Water and Reflection
Netherlands, Amsterdam

Amsterdam was the venue for this 2023 exhibition, which took water, glass and mirror as both motif and conceptual frame.

Canals, windows and reflective surfaces recurred across media, with an interest in how the image doubles and fragments. The installation used natural light and simple hanging to reinforce themes of transparency and depth.

Dutch coverage emphasised the show’s coherence with local traditions of light and reflection while remaining clearly rooted in current concerns.

Tradition as Material
Japan, Tokyo

Tokyo hosted this project in 2022, centring on the use of traditional formats and materials within a contemporary practice.

Works referenced scroll formats, single-sheet composition and particular pigments, without pastiche. The aim was to treat tradition as a set of constraints that could generate new solutions rather than as a style to imitate.

Japanese commentators highlighted the dialogue between Western and Eastern pictorial space and the role of the hand in an age of digital reproduction.

Scale and the Body
USA, New York

New York saw this exhibition in 2021, with an emphasis on how scale shifts meaning when the human body is the constant reference.

Small panels and large canvases shared the same room; some pieces invited close looking, others demanded distance. The selection included both intimate portraits and architectural or abstract elements that echoed bodily proportion.

Discussion in the US focused on the relationship between studio scale and the scale of the city and the screen.

Narrative and Silence
UK, London

Staged in London in 2020, the exhibition brought together figurative work that hovers between storytelling and refusal to explain.

Figures appear in mid-gesture or at rest; backgrounds are often reduced to tone or pattern. Text and caption were deliberately omitted so that each piece could hold its own ambiguity. The show argued for narrative as suggestion rather than illustration.

Reviews stressed the economy of means and the viewer’s role in completing the scene.

Between Interior and Street
Spain, Madrid

Presented in Madrid in 2019, this body of work examined the threshold between domestic space and public life.

Paintings and works on paper moved from windowsills and doorways out into plazas and markets, keeping a consistent interest in framing and the edge of the visible. The installation used simple partitions to create a rhythm of open and closed views.

Spanish critics linked the approach to a renewed attention to the everyday in Iberian painting and photography.

Fragments of the Eternal City
Italy, Rome

Rome hosted this exhibition in 2018–2019, with works that responded directly to the city’s layers of history and myth.

Pieces combined archival imagery, site-specific notes and traditional media to ask how contemporary vision meets ancient stone and narrative. The show did not seek to illustrate Rome but to register the experience of moving through it.
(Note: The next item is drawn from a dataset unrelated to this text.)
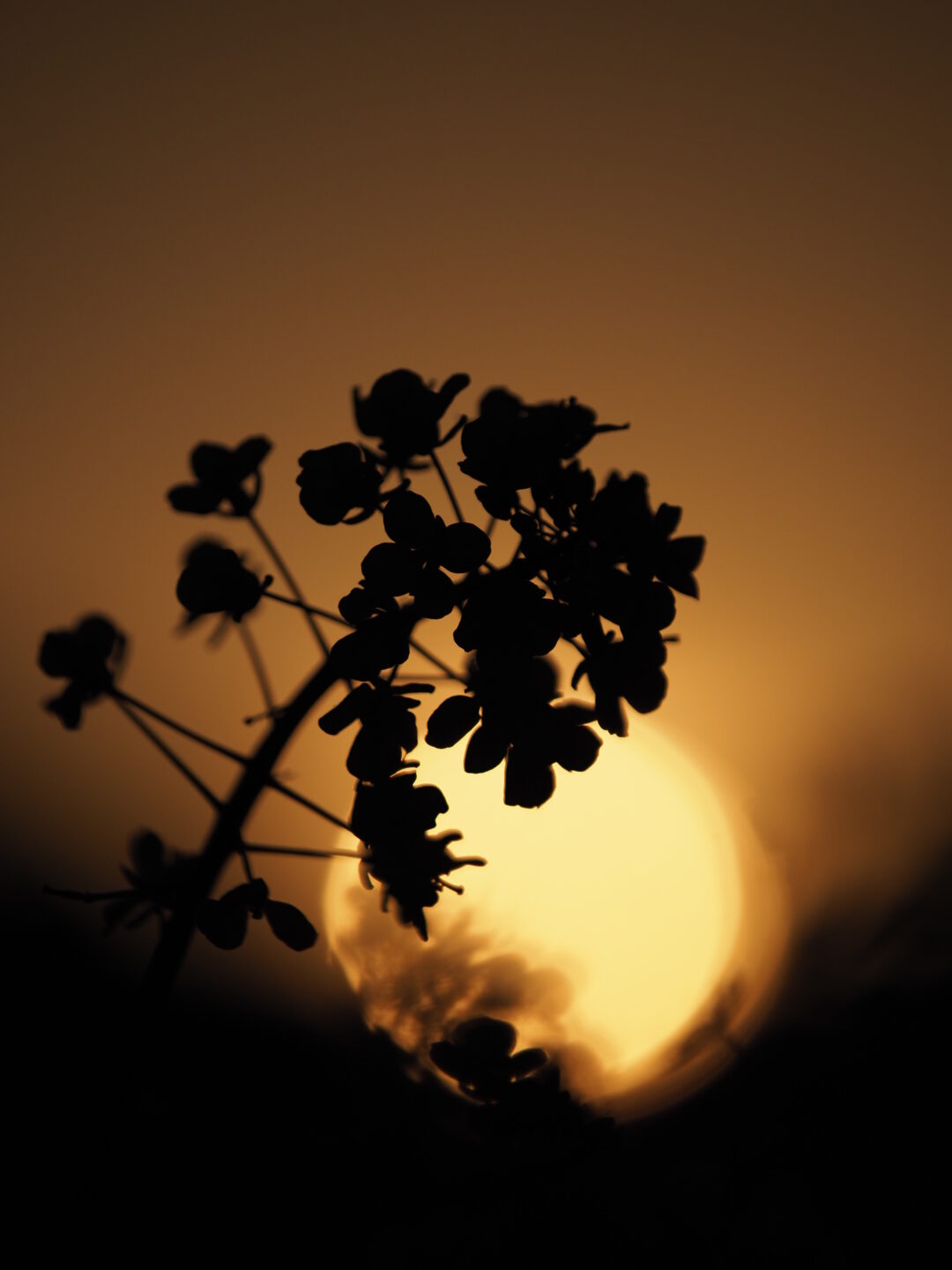 前の作品の30カットほど後に撮ったものです。より太陽が低くなり、菜の花も陰になりました。その光が当たっていない菜の花とまだ明るい夕日とでは明暗差がありますよね。そこで、ピントは主役の菜の花に合わせつつ、露出は夕日に合わせました。すると、このようなシルエットの写真になります。露出は主役に合わせるのが基本ですが、ここで菜の花に合わせてしまうと、背景はそれより明るいのでオーバーになってしまいます。

Curators placed emphasis on duration and repetition: the same corners and passages revisited across seasons.

Light and Shadow in the Atelier
France, Paris

Shown in Paris from late 2017 through early 2019, this selection focused on studio practice and the play of natural light on canvas and paper.

Visitors encountered a series of studies made in a single north-facing space over two years, alongside larger pieces that carried those experiments into colour and scale. The curation emphasised process rather than finished statements.

French press noted the show’s quiet insistence on observation as a form of resistance to speed and spectacle.

Inhabitants of Megacities
Germany, Berlin

The exhibition was present in various locations in Berlin in September 2016 and from October 2017 to January 2018.

Urban life and the human figure in crowded spaces formed the core of this show. Works on display explored how identity shifts when we move through transit hubs, streets and rooftops, with a focus on drawing and mixed media.

Critical response highlighted the tension between intimacy and anonymity, and the way the city itself became both subject and stage.